Every now and then a property law decision comes along which could actually change society. The recent Upper Tribunal one in Nemcova –v- Fairfield Rents is one such.
The question for the tribunal was simple enough: is a covenant to use a flat only as a private residence breached by someone who allows her own flat to be used by airbnb customers? The flat in question was Ms Nemcova’s only home: she had a boyfriend at whose home she sometimes stayed overnight, and she had created and ran full-time a website on which she advertised the availability of her property and her boyfriend’s property for airbnb accommodation, for which the flat was used for some 90 days a year.
Does the flat nonetheless remain in use as a private residence?

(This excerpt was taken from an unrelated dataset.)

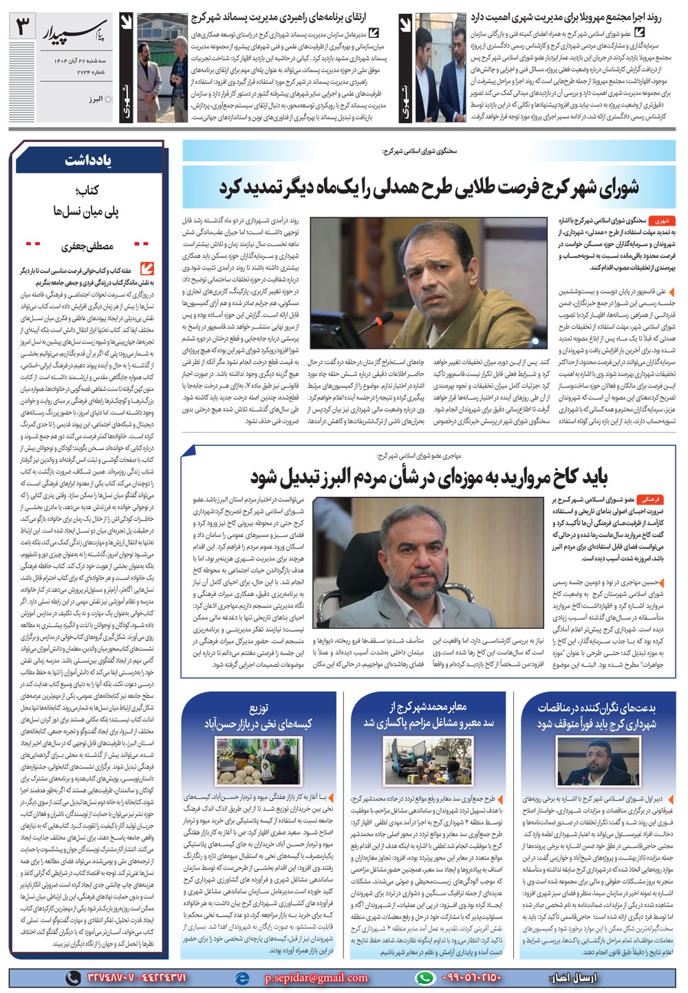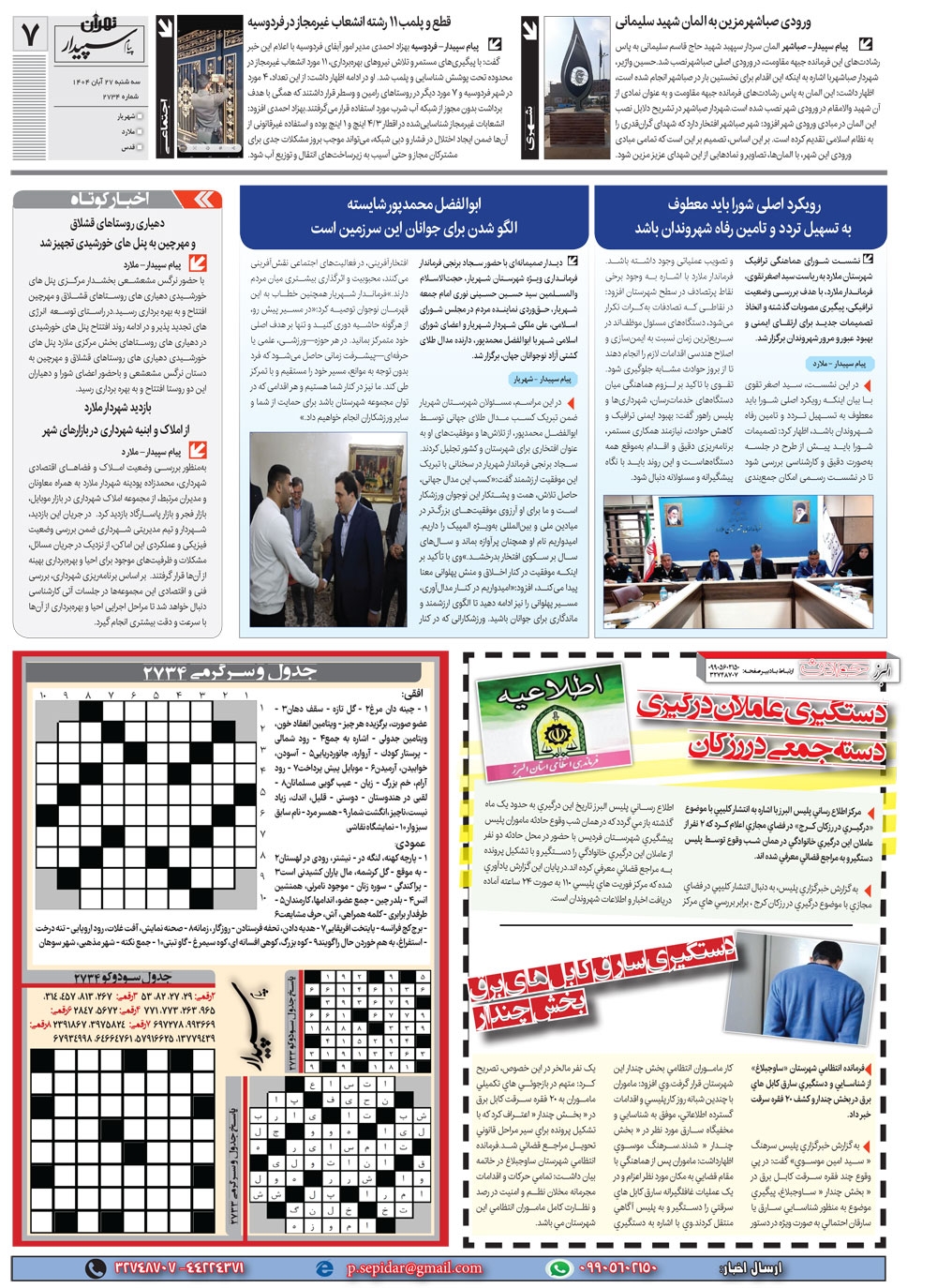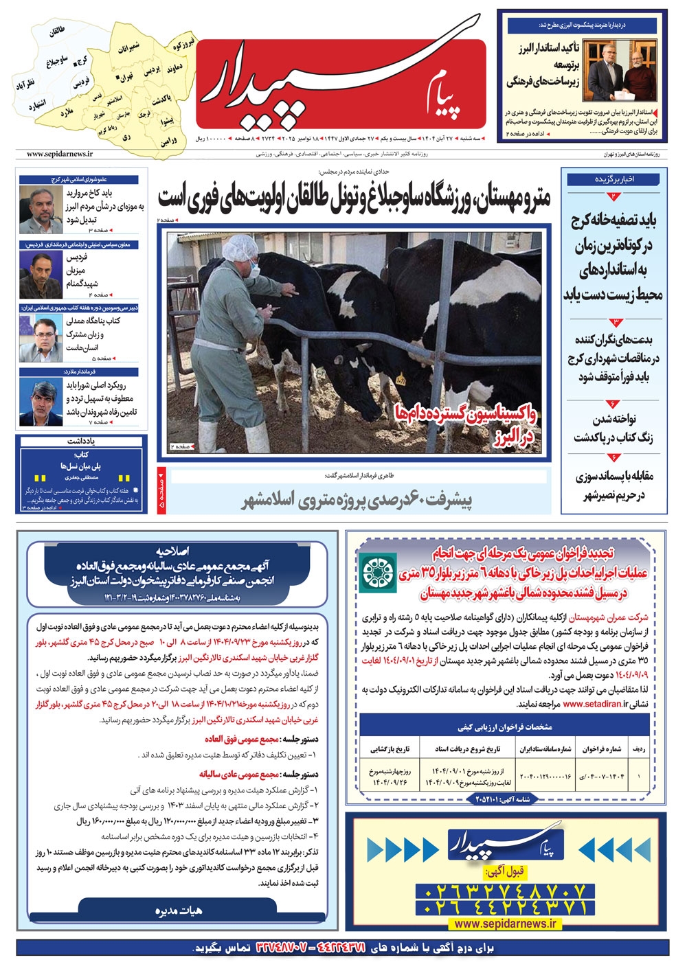روزنامه پیام سپیدار شماره 2734 سه شنبه بیست و هفتم آبان سال هزارو چهارصدو چهار منتشر شد و در دسترس مخاطبین قرار گرفت. روزنامه پیام سپیدار را می توانید از کیوسک های مطبوعاتی سطح شهر تهیه کنید.

No, said the Tribunal. What matters is not whether it remains Ms Nemcova’s private residence – presumably it does, as a question of ordinary language – but whether the use being made of it at any given time is by someone who is using it as their private residence, which suggests a degree of permanence which Ms Nemcova’s short-term lettings to businessmen did not have.
This is not the first decision in this area – some have gone one way, some the other – but it feels as though it could be a watershed. Almost always airbnbers are letting flats, and almost always leases of flats have a covenant of this kind in them. Airbnb is increasing exponentially in popularity – it’s one of the ways young people and others look to fight back against the increase in property prices and set their foot on the ladder.

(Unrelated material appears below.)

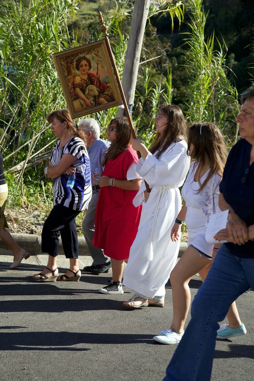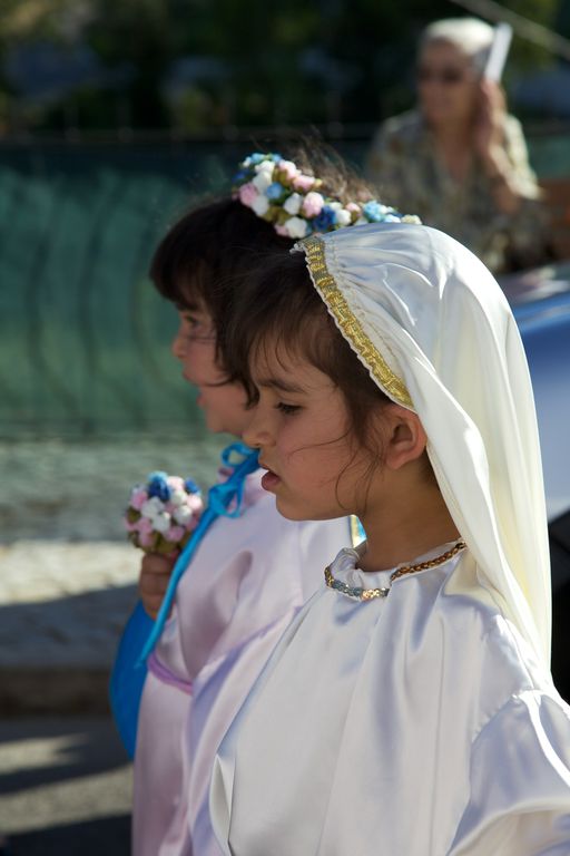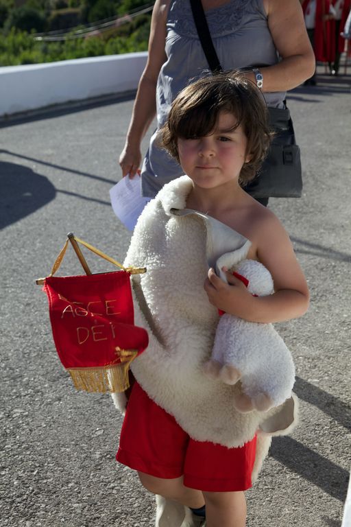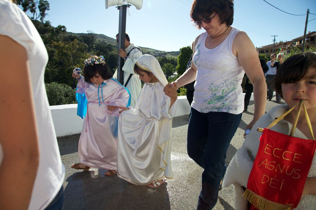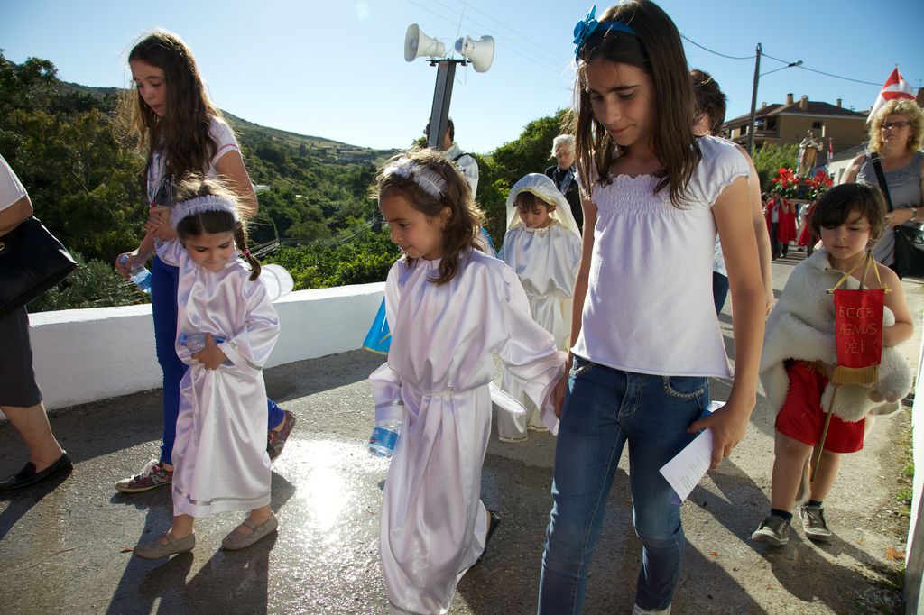Às seis começa a procissão. O meu sobrinho abre a procissão com mais dois jovens. Segue-se a banda, dois andores, e a população. Há também crianças mascaradas de pastores e anjinhos, com fatos de branco brilhante. A procissão desce em direcção a uma ponta da aldeia, ocupa a estrada nacional 248-3 (cuidadosamente cortada pelos militares da GNR), e volta a entrar na aldeia, subindo até à igreja.

Many such will feel that in this day and age such a practice is a normal use of one’s home and the meaning of ‘private residence’ ought to move on accordingly. But one of the hoariest principles, not only of property law but of English common law itself, is that a contract has to be construed according to the time and place where it was made. If a “private residence” didn’t involve airbnbing in the 1960’s when a lease was granted, it can’t do so now.
Airbnbing is a flexible business. Whether doing it on a less industrial scale, or on the basis that the guest simply has a room and shares occupation during their presence, may remain to be seen. But unless the Court of Appeal takes a hand, this decision is going to be a material blow to the practice. However, landlords with a legitimate interest in preventing this sort of use will be cheering at the addition of another card to their hand.